Taking advantage of the bankruptcy of these parties, a new political grouping called Reiwa Shinsengumi has gained wider support, though it only won two seats. It is led by Taro Yamamoto, a former actor who gained political prominence for his criticisms of nuclear power following the Fukushima disaster in 2011. He won an upper house seat in 2013, but lost in this election despite receiving 970,000 votes, a record for the most votes received by an unsuccessful candidate.

Yamamoto poses as a political outsider. However, none of his criticisms of Abe or the LDP go beyond the confines of accepted bourgeois politics. He has called for the abolition of the consumption tax and raising the minimum wage to 1,500 yen ($13.86).

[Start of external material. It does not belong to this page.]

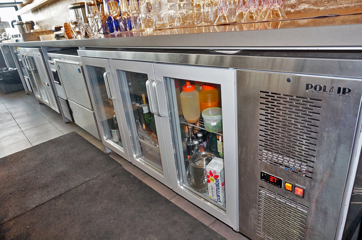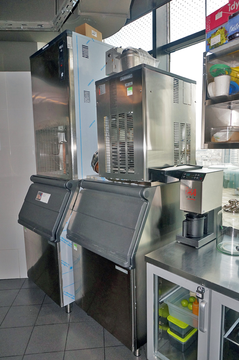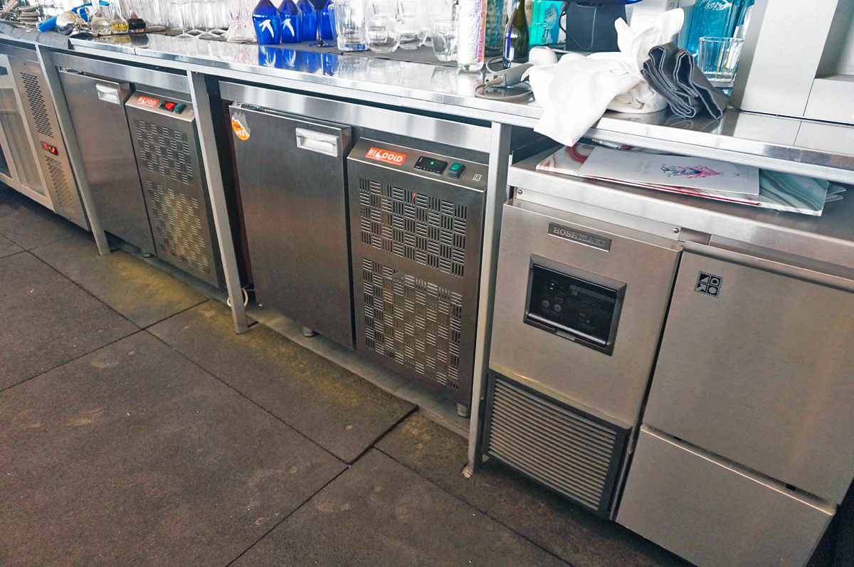 Сердце ресторана - Row bar c ледником, каменной столешницей и дизайнерской витриной для выкладки рыбы, где гости могут выбрать морепродукты на свой вкус. Необходимый объем и качество льда обеспечивают льдогенераторы Hoshizaki для гранулированного и кубкового льда. Дополнительно в зоне кухни установлено несколько льдогенераторов Scotsman, для снабжения льдом открытой витрины и нужд бара. Для приготовления суши прекрасно справляется со своей задачей рисоварка Indokor.

Reiwa Shinsengumi also ran candidates that included members of the LGBT community, single parents, and part-time workers. In a country where the disabled are routinely stigmatized, it became newsworthy that the party’s two successful candidates, Yasuhiko Funago and Eiko Kimura, are both disabled.

This does not alter the bourgeois character of Reiwa Shinsengumi. Yamamoto declared his party will create “a society that doesn't cut anyone off,” but such empty phrases are meant to prevent workers and youth from breaking with the current capitalist system by convincing them it can be reformed.

Furthermore, Yamamoto’s characterization as an “outsider” is entirely for show. He is politically connected to Ichirō Ozawa, currently a member of the DPP and the lower house. Ozawa bolstered Yamamoto’s political credentials when the two formed the People's Life Party and Tarō Yamamoto and Friends in 2014. This became the Liberal Party which was absorbed into the DPP this past April.

Ozawa is the definition of a political insider, winning his late father’s seat in the lower house in 1969. He spent the first part of his political career in the LDP before moving into the opposition circles in the 1990s that comprise the Democrats today. He wields a great deal of influence behind the scenes while also supporting remilitarization and revision of Article 9.

Genuine opposition to remilitarization can only be fought through a clear political program of opposition to war and capitalism. This means above all a complete break with all of these bourgeois parties and a fight for international socialism.